Evolution of a single core

Before discussing the details of the Windows kernel, let's make a small digression towards refactoring . Refactoring plays a key role in increasing the reuse of OS components on various SKUs and platforms (for example, client, server, and phone). The basic idea of ​​refactoring is to allow reuse of the same DLL on different SKUs, supporting small modifications made specifically for the desired SKU, without renaming the DLL or breaking application work.

The basic Windows refactoring technology is a poorly documented technology called " API sets". API sets are a mechanism that allows the OS to disconnect the DLL and the place where they are used. For example, the API set allows applications for win32 to continue to use kernel32.dll, while the implementation of all APIs is written in another DLL. These DLLs with the implementation may also differ for different SKUs. You can view the API sets in the business by running a dependency bypassing on a traditional Windows DLL, for example, kernel32.dll.

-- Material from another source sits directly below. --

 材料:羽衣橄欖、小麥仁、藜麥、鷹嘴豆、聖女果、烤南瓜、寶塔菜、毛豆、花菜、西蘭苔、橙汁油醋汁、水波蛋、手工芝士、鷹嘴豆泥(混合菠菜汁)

Having finished this digression about the structure of Windows, which allows the system to maximize code reuse and sharing, let's move on to the technical depths of launching the kernel according to the scheduler, which is the key to scaling the OS.

Kernel Components

Windows NT is essentially a microkernel , in the sense that it has its own core Kernel (KE) with a limited set of functions that uses the Executive layer (Ex) to execute all high-level policies. EX is still a kernel mode, so it's not exactly a microkernel. The kernel is responsible for scheduling threads, synchronizing between processors, handling hardware-level exceptions, and implementing low-level functions that depend on hardware. The EX layer contains various subsystems that provide a set of functionality, which is usually considered the core - IO, Object Manager, Memory Manager, Process Subsystem, etc.

To better understand the size of the components, here’s an approximate breakdown of the number of lines of code in several key directories of the kernel source tree (including comments). The table does not include much more related to the kernel.

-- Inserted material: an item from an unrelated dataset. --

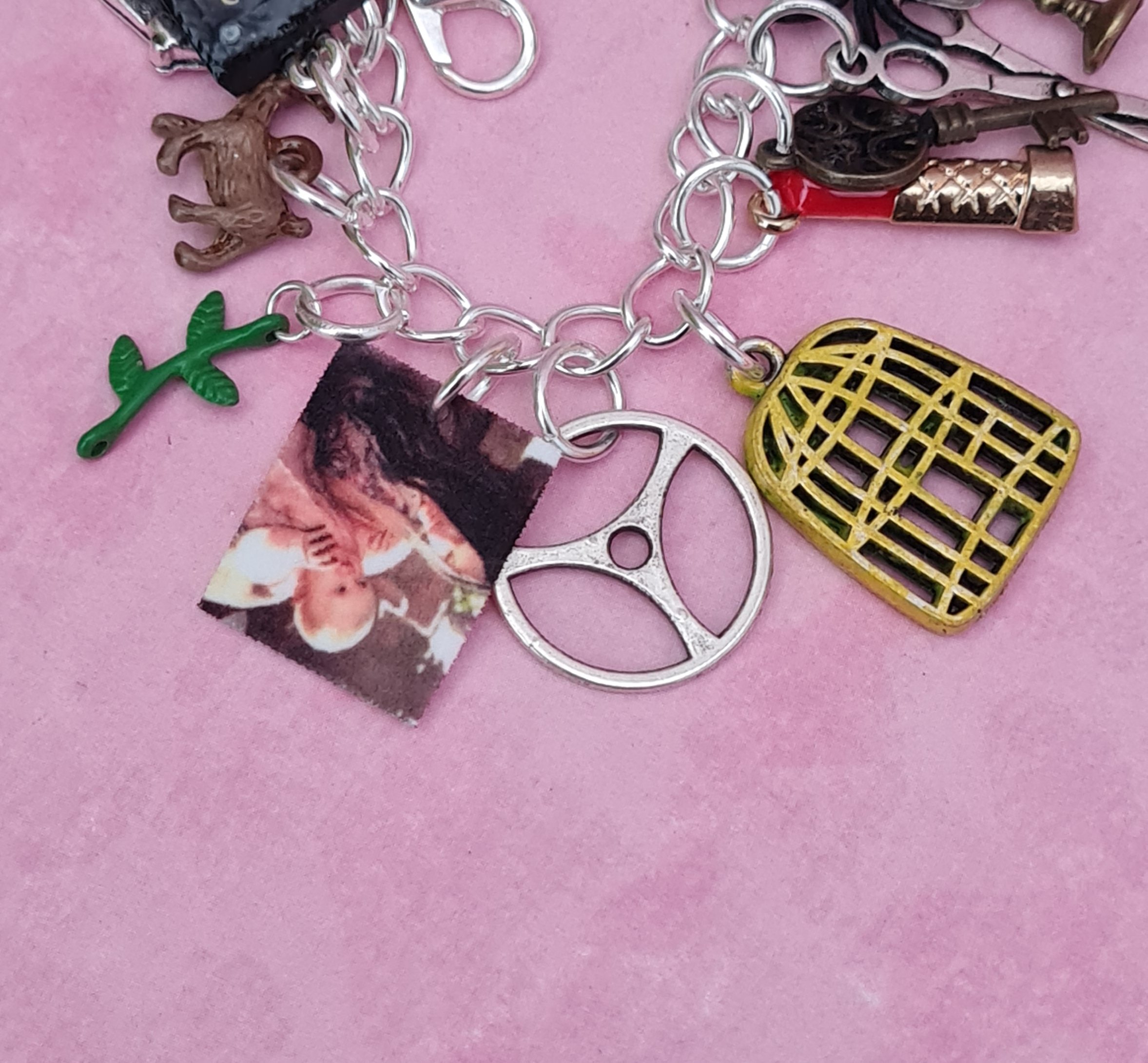 The bracelet is adorned with the following charms:

Kernel subsystemsLines of code
Memory manager501, 000
Process sub-system116,000

For more information on the Windows architecture, see the “ Windows Internals ” book series .


Having prepared the ground in this way, let's talk a little about the scheduler, its evolution and how the Windows kernel can scale to so many different architectures with so many processors.

A stream is a basic unit that executes program code, and it is the Windows scheduler that plans its work. When deciding which threads to start, the scheduler uses their priorities, and in theory, the thread with the highest priority should run on the system, even if it means that threads with lower priorities will not have time.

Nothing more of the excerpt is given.